So I think it was an important moment that I place on the time scale in June of last year when at the June European Council after a taught but constructive discussions the heads of State and governments agreed on a new approach to the ending of the crisis, and for the better.
I want to praise the leadership of Mario Draghi and his technical mastery in devising the LTRO and the Outright Monetary Transactions programme. Yet, it is generally believed that if Italy had not promptly sets its set on a credible path of discipline and reforms, and if the European Council - at the insistence of Italy in particular - had not taken its important decisions on financial markets stabilization it would have been much harder for the European Central Bank to launch these programmes. We see here the interaction between domestic policy making, the shaping of EU policies at the political level and the room for comfortable action in its full independence of the ECB.
I also see short termism when we take too long to recognise that for structural reforms and fiscal consolidation to be successful Europe has to act to sustain economic activity and tackle the growing public opinions resentment for job insecurity because of unemployment, loss of income and increasing inequalities.

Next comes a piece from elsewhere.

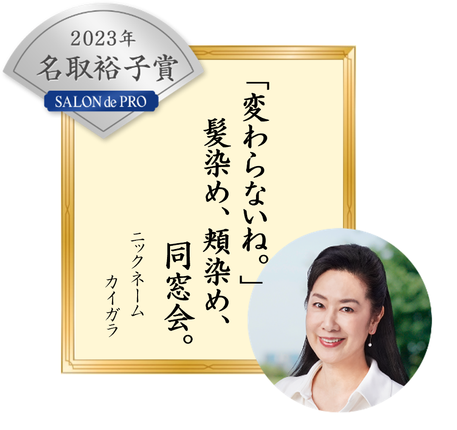 「サロン ド プロ 白髪川柳」はニオイのない白髪染め「サロン ド プロ」が2012年秋から実施している川柳コンテスト。毎月1回その月の優秀作品5句を選定し、サロン ド プロ ブランドサイトで発表しています。そしてこのたび、2023年1月~12月の優秀作品としてノミネートされた60句の中から、2023年の年間グランプリを一句選定いたしました。さらに今年度はサロン ド プロのCMに出演しているタレント2名の選出による、「名取裕子賞」「濱田マリ賞」、さらには「審査委員長賞」も同時に設け、合計4句が選ばれました。

The Single Market, the role of productive public investments, the need to balance fiscal consolidation and growth are now at the centre of the EU agenda. Thanks also to the Italian pressure and I do hope that in two weeks European leaders will find once more the necessary leadership to agree on a pro-growth and fair new Multi annual Financial Framework for 2020.
Of course leadership is better tested at times of adversity. But it is possible to lead “against all odds”. Policies that would appear deeply unpopular to begin with can win support if they are well explained and if show that the reform effort will be evenly spread to avoid the feeling of being unfairly singled out.